Ours to Master and to Own is an incredible resource. With 22 essays that cover over a century of struggle, it explores experiences ranging from soviet power in Russia, self-management in Yugoslavia and Algeria, workers' control in Portugal in 1974 and co-management in Venezuela today.

The book distinguishes between experiences that challenge the political and economic power of the state directly with workers' councils - such as the successful Russian Revolution, the failed German Revolution and the Turin factory occupation movement - and experiences of workers' cooperatives or co-management working within the capitalist framework, accepting the logic of profitability, as is the case in Venezuela today, for example.

The experience of Italy in 1919-20, recounted in Pietro Di Paola's essay, proves that the sustained existence of effective units of workers' power within capitalism is not possible. Once workers exerted their collective power and took control, they either had to challenge for state power or be defeated. The capitalist bosses would not tolerate such a threat to their hegemony within the system.

One of the key debates arising from the collection is on the role of revolutionary leadership. Victor Wallis criticises Lenin and the Russian Bolshevik Party for not giving priority to workers' control at every stage of its development, suggesting that the politics that led to the eventual loss of workers' power to Stalinism were inherent in the Bolshevik Party from as early as 1919-20.

Yet looking at the examples from Italy and Spain, it becomes clear that some form of leadership is needed. This is drawn out particularly well by Andy Durgan's essay on the revolutionary committees during the Spanish Civil War. The refusal of the anarcho-syndicalist CNT to seize power during the May Days of 1937 was in large part responsible for the defeat of the revolution.

Similarly in Italy, the refusal of reformist trade union leaders and the Italian Socialist Party to spread the Turin factory movement led to the movement's failure and its defeat precipitated the rise of fascism in Italy.

In both cases the lack of a sufficiently large revolutionary organisation left workers without a leadership that could direct it strategically towards success.

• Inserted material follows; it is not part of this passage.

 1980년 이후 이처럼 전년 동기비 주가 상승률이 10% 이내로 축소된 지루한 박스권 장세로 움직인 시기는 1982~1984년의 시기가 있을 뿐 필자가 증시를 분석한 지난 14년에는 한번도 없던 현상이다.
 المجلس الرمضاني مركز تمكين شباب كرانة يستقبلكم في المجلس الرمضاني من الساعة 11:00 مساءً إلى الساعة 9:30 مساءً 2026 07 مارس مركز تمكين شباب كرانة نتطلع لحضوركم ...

But crucially such leadership must act and organise as part of the working class. In an essay on Germany, Donny Gluckstein reminds us that during the Spartacist Uprising in 1919 revolutionary leaders such as Rosa Luxemburg and Karl Liebknecht thought it was possible to bypass the workers' councils, rather than arguing within them for a position in support of the insurrection. This proved to be a fatal error.

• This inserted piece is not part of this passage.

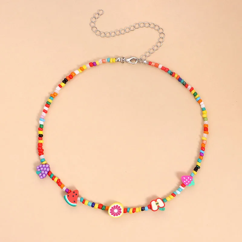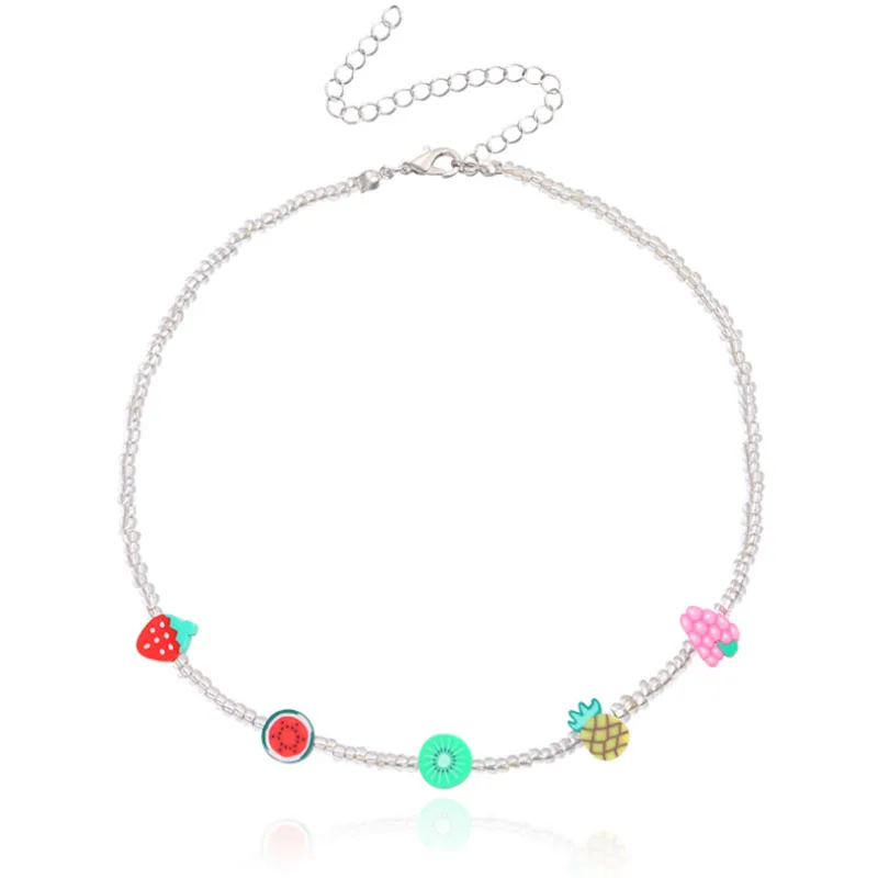 Модные красочные бусы, ожерелья с фруктами для женщин, бусы ручной работы в стиле бохо, милое ожерелье-чокер с лимоном и арбузом, подарочные украшения для девочек

Some of the most interesting articles come from less well known workers' struggles. One such example is provided by Jafar Suryomenggolo and considers the often forgotten workers' cooperatives in Indonesia following the anti-colonial revolution in 1945.

In East Java from 1945 to 1946 workers' cooperatives and farms were formed from redistributed land once owned by the old aristocracy. For some time neither the Dutch colonialists nor the British occupiers dared to go into East Java. Other articles on self-management in Yugoslavia, "auto-gestion" in Algeria and factory control in the US also help to tell the history of movements that have been overlooked in the past.

Although the experiments with workers' co-management and self-management within capitalism have shown repeatedly that workers are perfectly capable of running society, the examples from Europe following the First World War teach us a more important lesson.

They prove that if we want to see genuine workers' democracy and control, we need to transform society through challenging capitalism altogether. The historical examples also show that we need a revolutionary leadership that can develop a strategy to win. With the sheer scope of the examples, this book is a serious contribution to debates around workers' control, what is possible and how to achieve it. The chapter on 1970s British factory occupations should be mandatory reading for the period that is to come.